Aim of the task ->
Give back the full listing verbatim, apart from its images.
(Provided records begins)
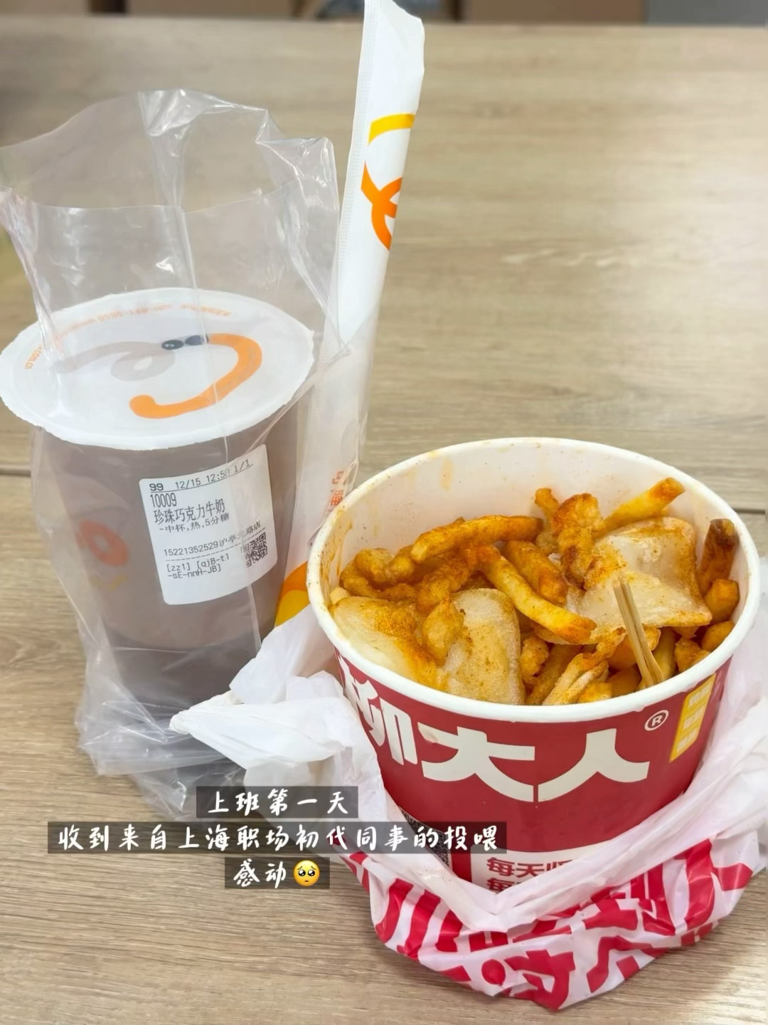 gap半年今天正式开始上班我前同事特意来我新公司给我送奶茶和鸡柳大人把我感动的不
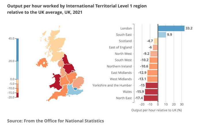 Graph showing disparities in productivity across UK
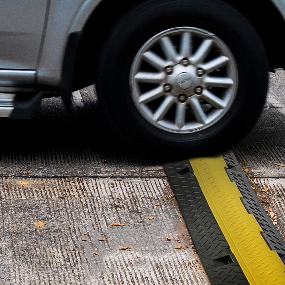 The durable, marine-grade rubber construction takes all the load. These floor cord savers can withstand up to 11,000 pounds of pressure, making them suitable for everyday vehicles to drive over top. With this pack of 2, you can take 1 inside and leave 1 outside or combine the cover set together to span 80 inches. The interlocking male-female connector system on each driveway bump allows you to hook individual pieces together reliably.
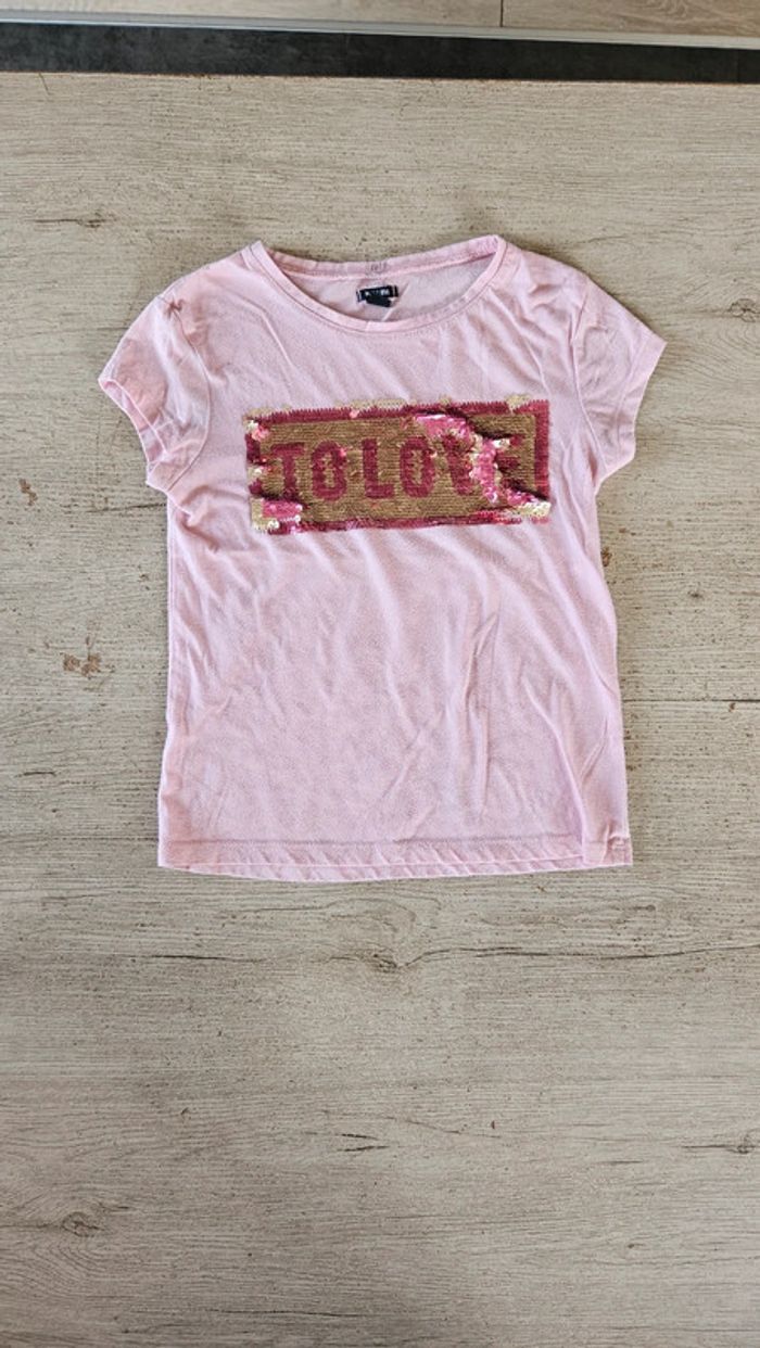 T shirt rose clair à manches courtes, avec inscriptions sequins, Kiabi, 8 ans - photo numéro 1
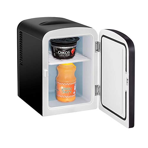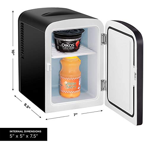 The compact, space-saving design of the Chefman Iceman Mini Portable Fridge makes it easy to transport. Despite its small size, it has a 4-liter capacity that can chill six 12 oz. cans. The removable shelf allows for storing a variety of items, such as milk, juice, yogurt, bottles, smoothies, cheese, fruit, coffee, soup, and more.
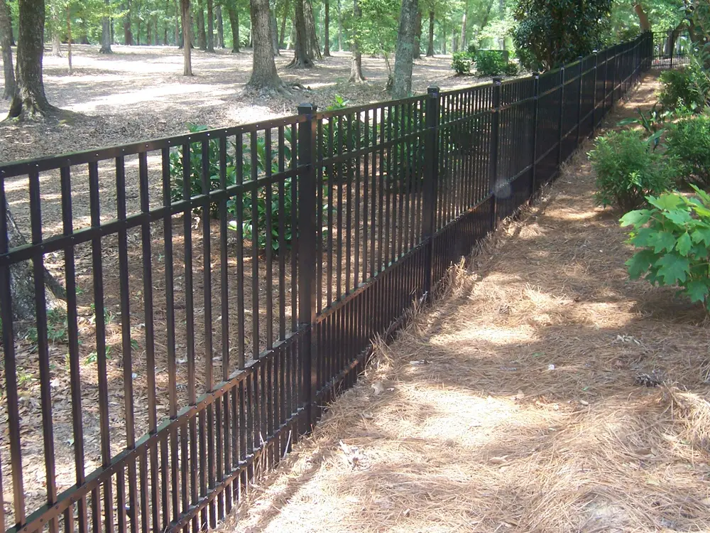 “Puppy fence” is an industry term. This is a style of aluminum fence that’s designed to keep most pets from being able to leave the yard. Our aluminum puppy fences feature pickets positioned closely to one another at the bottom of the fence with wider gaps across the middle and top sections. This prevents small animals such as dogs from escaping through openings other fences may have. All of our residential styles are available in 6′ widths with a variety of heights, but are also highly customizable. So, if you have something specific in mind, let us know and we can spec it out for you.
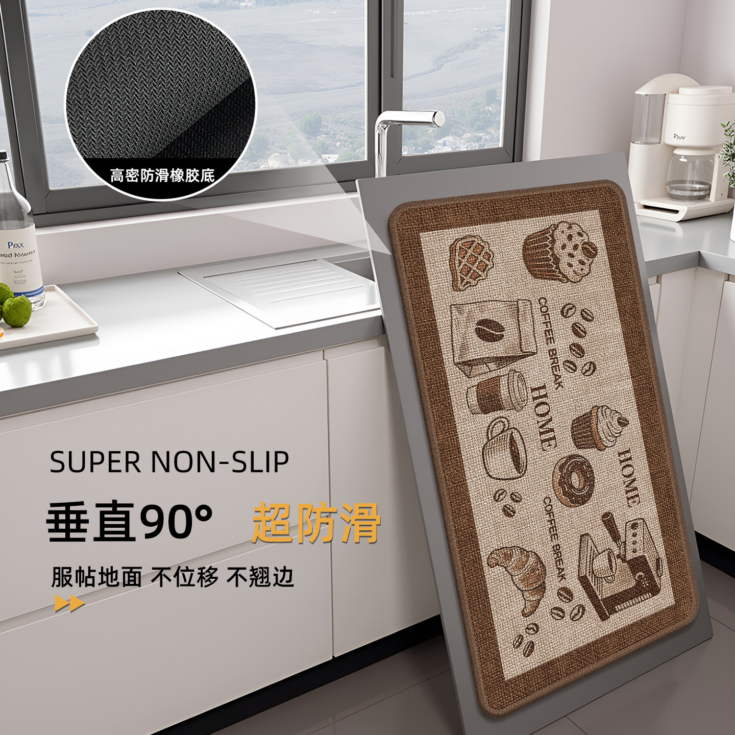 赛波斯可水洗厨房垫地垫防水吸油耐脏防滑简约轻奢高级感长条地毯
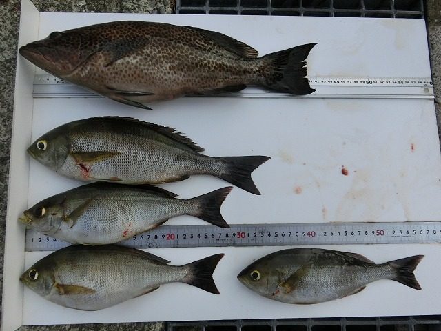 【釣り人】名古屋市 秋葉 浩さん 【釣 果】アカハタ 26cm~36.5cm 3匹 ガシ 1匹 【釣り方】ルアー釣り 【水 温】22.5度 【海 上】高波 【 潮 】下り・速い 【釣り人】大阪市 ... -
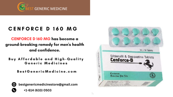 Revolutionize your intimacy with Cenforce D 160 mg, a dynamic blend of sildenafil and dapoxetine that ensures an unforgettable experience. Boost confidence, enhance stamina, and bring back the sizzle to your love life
(Provided records ends)
Solution to the problem ->
 gap半年今天正式开始上班我前同事特意来我新公司给我送奶茶和鸡柳大人把我感动的不
 Graph showing disparities in productivity across UK
 The durable, marine-grade rubber construction takes all the load. These floor cord savers can withstand up to 11,000 pounds of pressure, making them suitable for everyday vehicles to drive over top. With this pack of 2, you can take 1 inside and leave 1 outside or combine the cover set together to span 80 inches. The interlocking male-female connector system on each driveway bump allows you to hook individual pieces together reliably.
 T shirt rose clair à manches courtes, avec inscriptions sequins, Kiabi, 8 ans - photo numéro 1
 The compact, space-saving design of the Chefman Iceman Mini Portable Fridge makes it easy to transport. Despite its small size, it has a 4-liter capacity that can chill six 12 oz. cans. The removable shelf allows for storing a variety of items, such as milk, juice, yogurt, bottles, smoothies, cheese, fruit, coffee, soup, and more.
 “Puppy fence” is an industry term. This is a style of aluminum fence that’s designed to keep most pets from being able to leave the yard. Our aluminum puppy fences feature pickets positioned closely to one another at the bottom of the fence with wider gaps across the middle and top sections. This prevents small animals such as dogs from escaping through openings other fences may have. All of our residential styles are available in 6′ widths with a variety of heights, but are also highly customizable. So, if you have something specific in mind, let us know and we can spec it out for you.
 赛波斯可水洗厨房垫地垫防水吸油耐脏防滑简约轻奢高级感长条地毯
 【釣り人】名古屋市 秋葉 浩さん 【釣 果】アカハタ 26cm~36.5cm 3匹 ガシ 1匹 【釣り方】ルアー釣り 【水 温】22.5度 【海 上】高波 【 潮 】下り・速い 【釣り人】大阪市 ... -
 Revolutionize your intimacy with Cenforce D 160 mg, a dynamic blend of sildenafil and dapoxetine that ensures an unforgettable experience. Boost confidence, enhance stamina, and bring back the sizzle to your love life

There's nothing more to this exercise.